Al hablar de dos momentos distintos en la poesía de David Huerta, no se pretende aludir a una obra escindida. Entre las cualidades que le otorgan a su trabajo la unidad de fondo que caracteriza a las obras importantes, destaca esa pasmosa simultaneidad de cerebro y corazón que es posible apreciar en todos sus poemas. A esto hay que agregar, como elemento de cohesión entre una etapa y otra, su inclinación a cantar y referir historias. Armando Oviedo ha dicho que David Huerta asume la tentación de la historia.

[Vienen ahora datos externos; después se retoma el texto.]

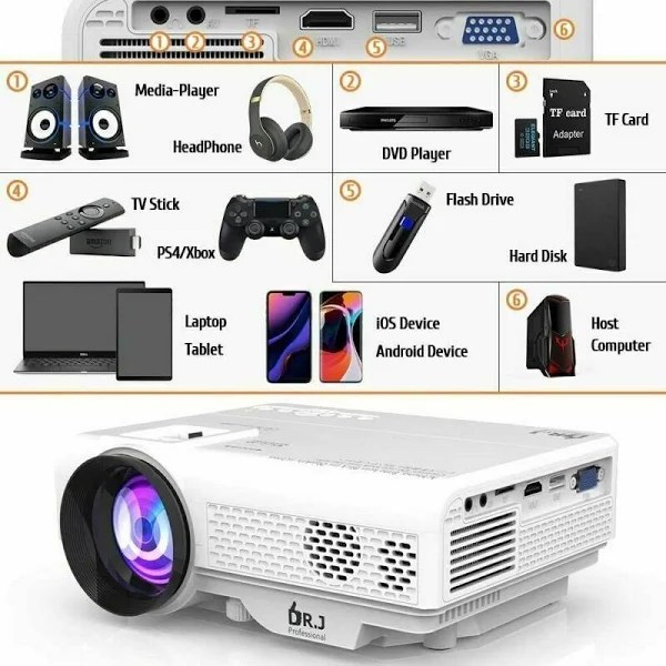4500Lumens Portable Projector for Home Theater Entertainment, Full HD
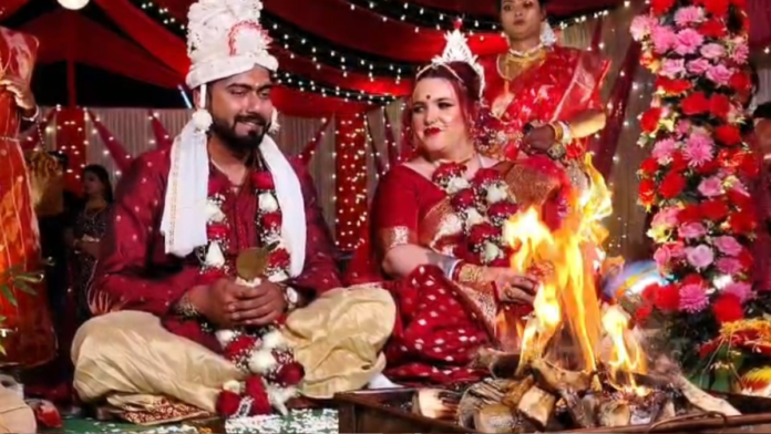 Aaj India Desk, উত্তর ২৪ পরগণা : শঙ্খধ্বনি, উলুধ্বনির মাঝে একেবারে চেনা বাঙালি বিয়ের আয়োজন। কিন্তু উত্তর ২৪ পরগনার হাবরার (Habra) সেই পরিচিত আসরের মাঝেই ছিল ভিন্ন মাত্রা। বাঙালি বিয়ের আসরের কনে এবার খোদ লন্ডনের ‘রয়্যাল’ !

Sobra aclarar que no se trata de la Historia con mayúscula; se trata, en cambio, del gusto por recrear esos pequeños actos que, sumados, hacen el día a día.
A partir de una palabra y no de un tema, Huerta retoma sus experiencias y las transforma en “provincias mentales”. Dicha palabra suele operar como línea melódica y genésica, es decir, como el punto de partida de esa conversación inacabada y derivante que sus poemas proponen. Aquello que solemos llamar “lo cotidiano” es, para David Huerta, el territorio de las epifanías. Todo el trabajo que demanda la escritura de un poema (ese forjar el lenguaje, laminarlo, torturarlo) no persigue, en su caso, la perfección sino, como quería Gorostiza, devolverle al mundo su transparencia.

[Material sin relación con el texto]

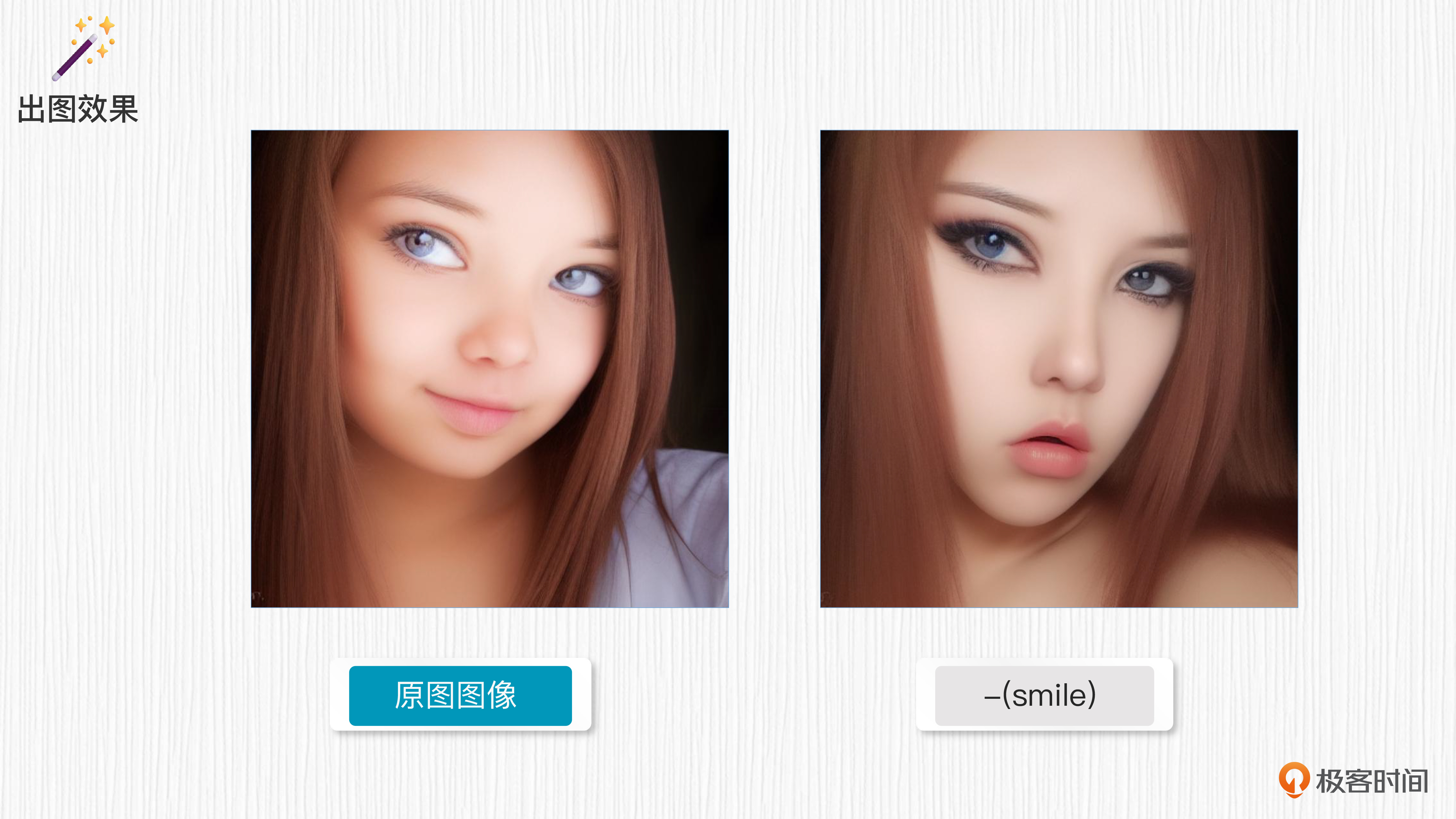 通过在negative prompt区域添加不想出现的信息,比如在此处添加 “smile(微笑)”,就可以去掉笑容。生成模型会参考这些负面prompt信息,尽量避免生成带有笑容的图像。这样的处理可以帮助控制图像生成的特定要素,使其符合特定需求或风格。

En El azul en la flama, uno de sus libros más recientes, el autor reflexiona sobre la gestación del poema y, al hacerlo, posa su mirada poliédrica en el otro lado de las cosas, en su envés revelador y multiforme. Se trata de acercarse al oxígeno que alimenta la llama, el mismo que acompaña las palabras que salen de la boca. En manos de David Huerta el premio Villaurrutia vuelve a poner en primer plano, digámoslo con una frase del poeta, “la dimensión neumática de la poesía”.